Information shown below:

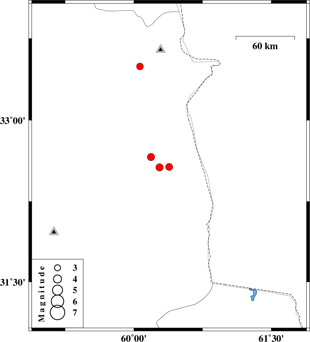 2025/10/10 | 07:07:43.7 | 10:37:43.7 | 32.565 | 60.281 | 16 | ML:3.7 | Khorasan(south) Province, 46 km -East of Sarbisheh | ||
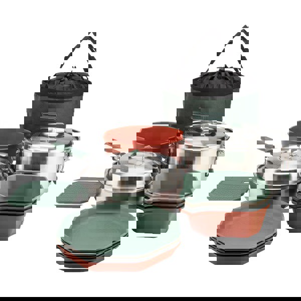 The 16-piece ComplEAT Cook Set has everything you need to easily feed a group of hungry campers. This camping cookware set features a stock pot and sauté pan with generous cooking surfaces and 3-ply base construction for even heat distribution. The tableware set assists during prep work and makes room for generous portions once the meal is ready. When campers are full, everything packs together in the storage bag for safe and compact storage between trips.
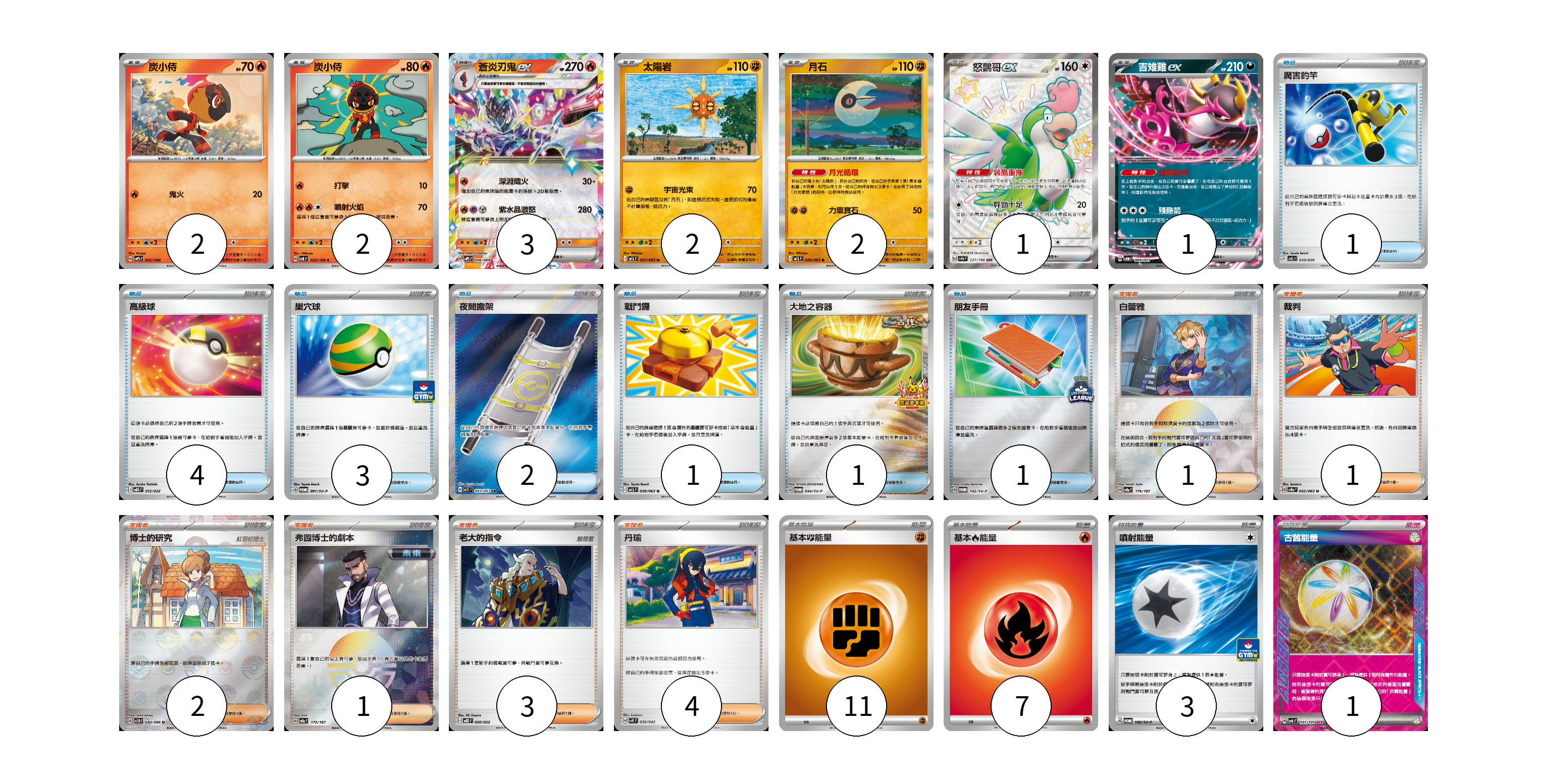 牌組構築方案 以此牌組為基礎新構築牌組 顯示卡面 顯示列表 寶可夢卡(14) 2 2 3 2 2 1 1 1 物品卡(12) 4 3 2 1 1 1 支援者卡(12) 1 1 2 1 3 4 能量卡(22) 11 7 3 1 寶可夢卡(14) 卡牌名稱 張數 卡牌名稱 張數 炭小侍 SVPS 005/008 02 炭小侍 SV8 020/106 02 蒼炎刃鬼ex SVPS 006/008 03 太陽岩 M1L 027/063 02 月石 M1L 026/063 02 怒鸚哥ex SV4a 337/190 01 吉雉雞ex SVOM 009/021 01 厲害釣竿 SVEL 010/020 01 物品卡(12) 卡牌名稱 張數 卡牌名稱 張數 高級球 MBG 012/022 04 巢穴球 SV-P 091/SV-P 03 夜間擔架 M1L 083/063 02 戰鬥鑼 M1L 059/063 01 大地之容器 SV-P 084/SV-P 01 朋友手冊 SV-P 182/SV-P 01 支援者卡(12) 卡牌名稱 張數 卡牌名稱 張數 白蕾雅 SV8a 176/187 01 裁判 SV9a 062/063 01 博士的研究 SV11B 084/086 02 弗圖博士的劇本 SV8a 175/187 01 老大的指令 MBD 020/022 03 丹瑜 SVK 030/042 04 能量卡(22) 卡牌名稱 張數 卡牌名稱 張數 基本【鬥】能量 SVAM FIG 11 基本火能量 sv-p FIR 07 噴射能量 SV-P 180/SV-P 03 古舊能量 SV6 101/101 01 以此牌組為基礎新構築牌組 牌組編碼 TqQPWj-rphZgY-NUIoqh copy 列印牌組單 牌組編碼已複製 分享至SNS

End of Information shown.

Description of the task: An exact copy is needed of the lines from the start of the listing through the line with "The 16-piece ComplEAT", both end lines included and pictures excluded.

Answer section:
 2025/10/10 | 07:07:43.7 | 10:37:43.7 | 32.565 | 60.281 | 16 | ML:3.7 | Khorasan(south) Province, 46 km -East of Sarbisheh | ||
 The 16-piece ComplEAT Cook Set has everything you need to easily feed a group of hungry campers. This camping cookware set features a stock pot and sauté pan with generous cooking surfaces and 3-ply base construction for even heat distribution. The tableware set assists during prep work and makes room for generous portions once the meal is ready. When campers are full, everything packs together in the storage bag for safe and compact storage between trips.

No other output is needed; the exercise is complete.